— Work item —
With the material below, print exactly the lines between the line holding "メール便2足まで シルク混 口ゴムなし" and the line holding "These men’s denim", inclusive. Add nothing else.

— Excerpted data —

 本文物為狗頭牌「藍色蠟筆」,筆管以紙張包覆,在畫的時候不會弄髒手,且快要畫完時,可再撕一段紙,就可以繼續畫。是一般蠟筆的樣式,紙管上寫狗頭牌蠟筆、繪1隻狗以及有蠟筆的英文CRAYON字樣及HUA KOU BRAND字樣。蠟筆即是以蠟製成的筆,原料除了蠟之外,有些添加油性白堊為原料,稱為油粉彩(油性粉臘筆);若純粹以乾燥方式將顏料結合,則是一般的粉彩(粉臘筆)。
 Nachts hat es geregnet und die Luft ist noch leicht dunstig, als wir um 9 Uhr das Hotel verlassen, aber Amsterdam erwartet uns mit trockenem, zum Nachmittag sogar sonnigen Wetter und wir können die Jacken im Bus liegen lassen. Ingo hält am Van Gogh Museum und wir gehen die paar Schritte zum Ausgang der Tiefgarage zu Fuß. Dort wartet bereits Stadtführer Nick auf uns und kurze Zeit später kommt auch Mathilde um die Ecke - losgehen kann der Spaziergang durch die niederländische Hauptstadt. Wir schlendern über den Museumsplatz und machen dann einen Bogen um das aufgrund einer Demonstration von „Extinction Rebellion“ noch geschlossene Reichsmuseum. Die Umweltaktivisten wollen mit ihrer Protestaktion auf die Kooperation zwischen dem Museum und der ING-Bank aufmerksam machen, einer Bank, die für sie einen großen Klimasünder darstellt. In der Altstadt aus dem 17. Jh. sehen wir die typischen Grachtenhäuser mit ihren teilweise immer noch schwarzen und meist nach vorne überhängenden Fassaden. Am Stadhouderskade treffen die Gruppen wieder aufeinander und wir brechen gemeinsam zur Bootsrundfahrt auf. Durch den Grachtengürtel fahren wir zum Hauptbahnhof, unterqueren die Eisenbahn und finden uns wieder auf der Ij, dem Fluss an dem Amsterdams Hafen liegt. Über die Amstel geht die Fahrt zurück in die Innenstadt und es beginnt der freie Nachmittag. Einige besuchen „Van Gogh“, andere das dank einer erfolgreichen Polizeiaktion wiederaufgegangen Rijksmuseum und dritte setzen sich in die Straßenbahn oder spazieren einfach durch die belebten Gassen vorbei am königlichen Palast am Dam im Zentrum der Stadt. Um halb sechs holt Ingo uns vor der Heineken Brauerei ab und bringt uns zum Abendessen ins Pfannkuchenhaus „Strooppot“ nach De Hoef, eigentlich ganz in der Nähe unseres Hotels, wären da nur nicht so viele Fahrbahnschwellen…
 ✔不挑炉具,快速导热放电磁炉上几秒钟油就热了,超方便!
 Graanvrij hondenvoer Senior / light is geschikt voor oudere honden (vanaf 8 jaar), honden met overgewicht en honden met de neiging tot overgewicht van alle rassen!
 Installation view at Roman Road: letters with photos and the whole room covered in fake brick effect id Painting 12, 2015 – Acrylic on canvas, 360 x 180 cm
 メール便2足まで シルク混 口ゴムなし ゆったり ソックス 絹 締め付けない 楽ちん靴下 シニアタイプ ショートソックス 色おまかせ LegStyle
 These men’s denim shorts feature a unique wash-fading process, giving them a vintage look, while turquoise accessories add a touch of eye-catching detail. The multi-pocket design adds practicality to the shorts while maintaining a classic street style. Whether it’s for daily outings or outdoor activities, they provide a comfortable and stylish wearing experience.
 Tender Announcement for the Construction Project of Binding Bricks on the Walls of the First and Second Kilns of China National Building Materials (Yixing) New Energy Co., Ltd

* * *

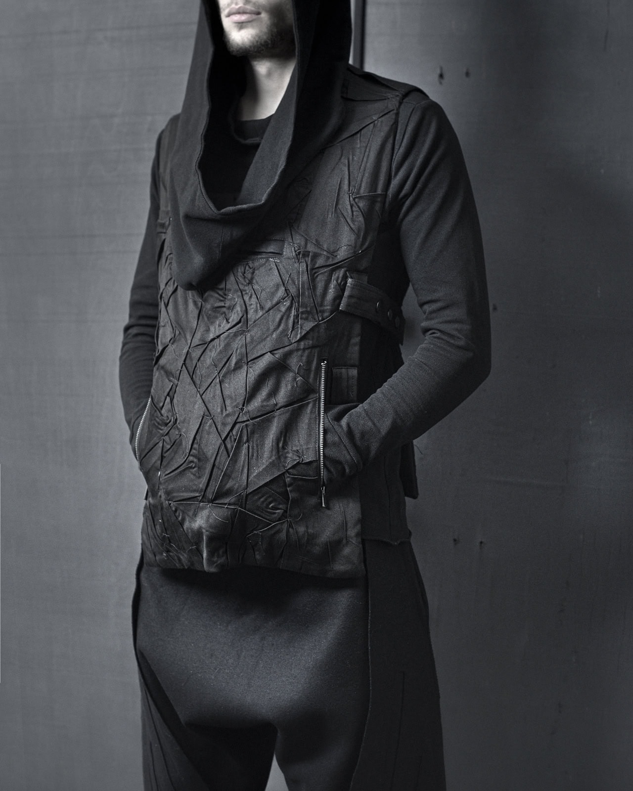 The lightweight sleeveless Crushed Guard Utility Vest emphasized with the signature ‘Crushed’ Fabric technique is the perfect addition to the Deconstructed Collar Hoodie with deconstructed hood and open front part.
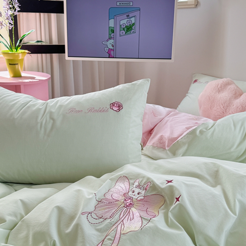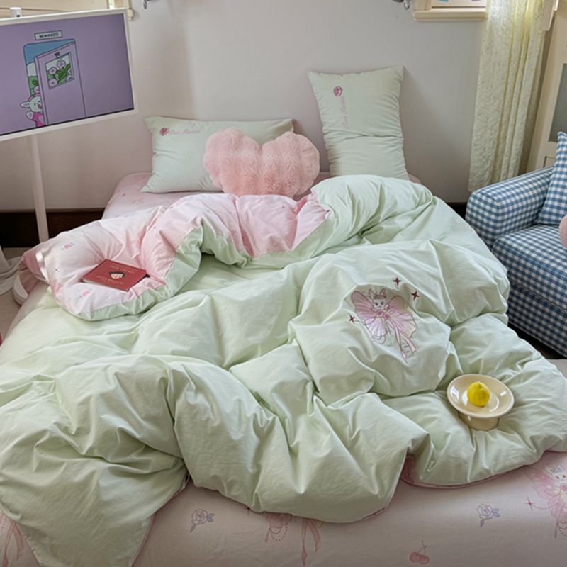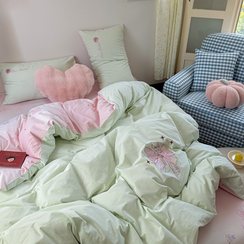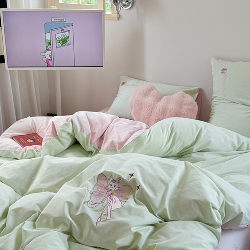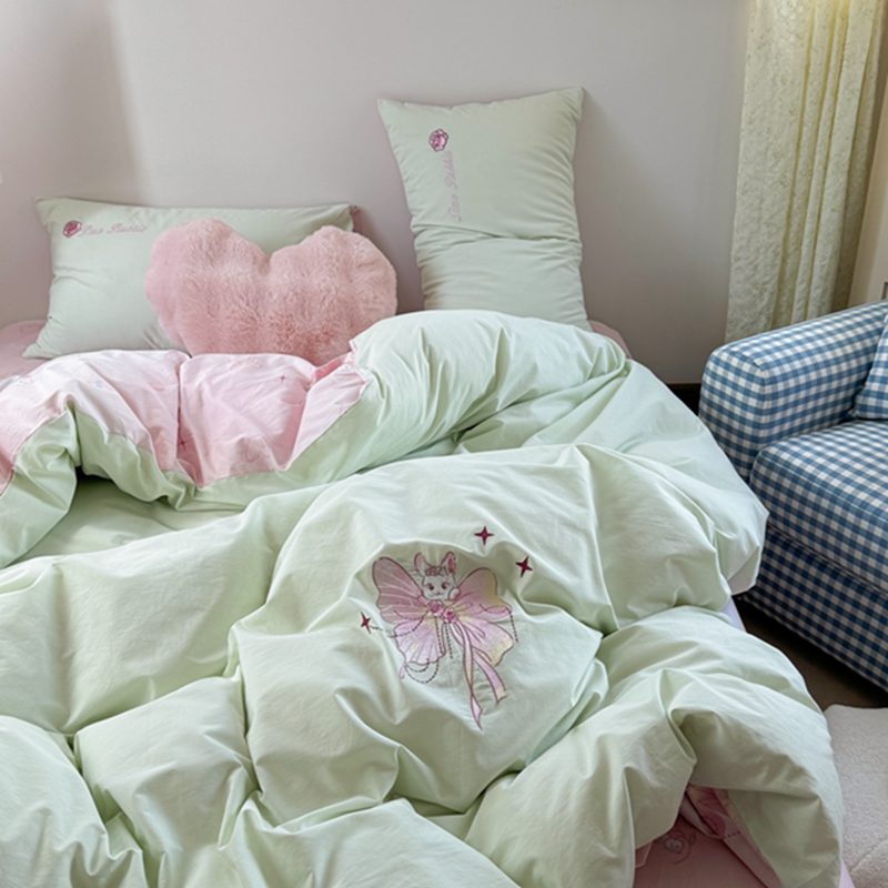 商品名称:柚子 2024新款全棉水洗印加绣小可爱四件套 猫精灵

* * *

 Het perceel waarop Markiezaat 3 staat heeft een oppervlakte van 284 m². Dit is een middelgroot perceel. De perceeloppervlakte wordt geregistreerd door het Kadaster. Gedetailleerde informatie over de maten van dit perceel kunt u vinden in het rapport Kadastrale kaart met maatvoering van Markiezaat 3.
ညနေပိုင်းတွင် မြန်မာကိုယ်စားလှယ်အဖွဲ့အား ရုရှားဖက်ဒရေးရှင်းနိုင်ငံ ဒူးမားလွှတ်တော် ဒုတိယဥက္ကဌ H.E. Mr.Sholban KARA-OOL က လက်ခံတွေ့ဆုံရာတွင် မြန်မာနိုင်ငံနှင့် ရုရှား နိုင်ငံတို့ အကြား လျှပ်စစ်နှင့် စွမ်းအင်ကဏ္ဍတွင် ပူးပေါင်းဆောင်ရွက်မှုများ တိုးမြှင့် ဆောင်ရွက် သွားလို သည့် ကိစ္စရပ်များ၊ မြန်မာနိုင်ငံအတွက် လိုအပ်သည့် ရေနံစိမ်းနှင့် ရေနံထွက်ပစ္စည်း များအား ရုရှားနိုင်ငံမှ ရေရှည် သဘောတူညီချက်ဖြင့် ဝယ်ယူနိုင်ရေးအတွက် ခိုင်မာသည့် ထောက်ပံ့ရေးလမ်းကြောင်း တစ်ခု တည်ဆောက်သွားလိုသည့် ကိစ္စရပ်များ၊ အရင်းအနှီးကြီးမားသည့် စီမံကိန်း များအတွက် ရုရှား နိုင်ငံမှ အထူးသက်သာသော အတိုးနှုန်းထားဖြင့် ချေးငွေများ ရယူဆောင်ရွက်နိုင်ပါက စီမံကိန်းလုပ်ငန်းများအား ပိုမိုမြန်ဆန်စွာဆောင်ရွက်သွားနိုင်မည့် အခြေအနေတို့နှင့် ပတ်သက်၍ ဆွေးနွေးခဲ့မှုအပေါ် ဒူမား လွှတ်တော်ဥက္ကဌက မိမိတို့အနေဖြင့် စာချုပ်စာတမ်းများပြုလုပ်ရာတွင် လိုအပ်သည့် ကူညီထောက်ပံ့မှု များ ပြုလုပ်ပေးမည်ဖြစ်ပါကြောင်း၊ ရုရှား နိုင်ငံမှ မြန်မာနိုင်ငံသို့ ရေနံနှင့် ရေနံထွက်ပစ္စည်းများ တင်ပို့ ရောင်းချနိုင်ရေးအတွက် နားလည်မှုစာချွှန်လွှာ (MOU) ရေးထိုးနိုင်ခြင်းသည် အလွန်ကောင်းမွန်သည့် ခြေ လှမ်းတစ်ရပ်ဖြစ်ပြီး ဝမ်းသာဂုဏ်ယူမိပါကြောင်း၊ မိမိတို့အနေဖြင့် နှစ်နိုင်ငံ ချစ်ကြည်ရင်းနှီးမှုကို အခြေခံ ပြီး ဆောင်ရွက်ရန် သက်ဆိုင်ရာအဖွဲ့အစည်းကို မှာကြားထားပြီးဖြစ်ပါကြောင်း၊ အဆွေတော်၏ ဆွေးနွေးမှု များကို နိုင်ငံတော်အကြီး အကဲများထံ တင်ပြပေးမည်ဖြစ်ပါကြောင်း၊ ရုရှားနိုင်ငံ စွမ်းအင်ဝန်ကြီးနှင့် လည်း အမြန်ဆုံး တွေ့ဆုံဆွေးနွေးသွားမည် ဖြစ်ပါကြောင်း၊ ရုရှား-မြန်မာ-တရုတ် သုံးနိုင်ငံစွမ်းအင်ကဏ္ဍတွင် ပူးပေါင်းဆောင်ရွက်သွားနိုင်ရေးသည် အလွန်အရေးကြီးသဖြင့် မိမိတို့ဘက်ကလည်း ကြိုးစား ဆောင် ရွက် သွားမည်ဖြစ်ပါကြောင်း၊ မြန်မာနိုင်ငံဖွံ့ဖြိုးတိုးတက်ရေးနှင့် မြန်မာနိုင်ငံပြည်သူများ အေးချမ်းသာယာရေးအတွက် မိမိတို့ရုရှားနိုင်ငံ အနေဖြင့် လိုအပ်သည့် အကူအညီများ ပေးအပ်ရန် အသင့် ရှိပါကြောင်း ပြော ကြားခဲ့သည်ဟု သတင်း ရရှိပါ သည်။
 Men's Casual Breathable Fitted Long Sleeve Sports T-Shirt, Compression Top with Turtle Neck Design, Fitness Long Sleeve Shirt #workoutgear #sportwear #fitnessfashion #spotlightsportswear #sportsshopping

— The answer —
 メール便2足まで シルク混 口ゴムなし ゆったり ソックス 絹 締め付けない 楽ちん靴下 シニアタイプ ショートソックス 色おまかせ LegStyle
 These men’s denim shorts feature a unique wash-fading process, giving them a vintage look, while turquoise accessories add a touch of eye-catching detail. The multi-pocket design adds practicality to the shorts while maintaining a classic street style. Whether it’s for daily outings or outdoor activities, they provide a comfortable and stylish wearing experience.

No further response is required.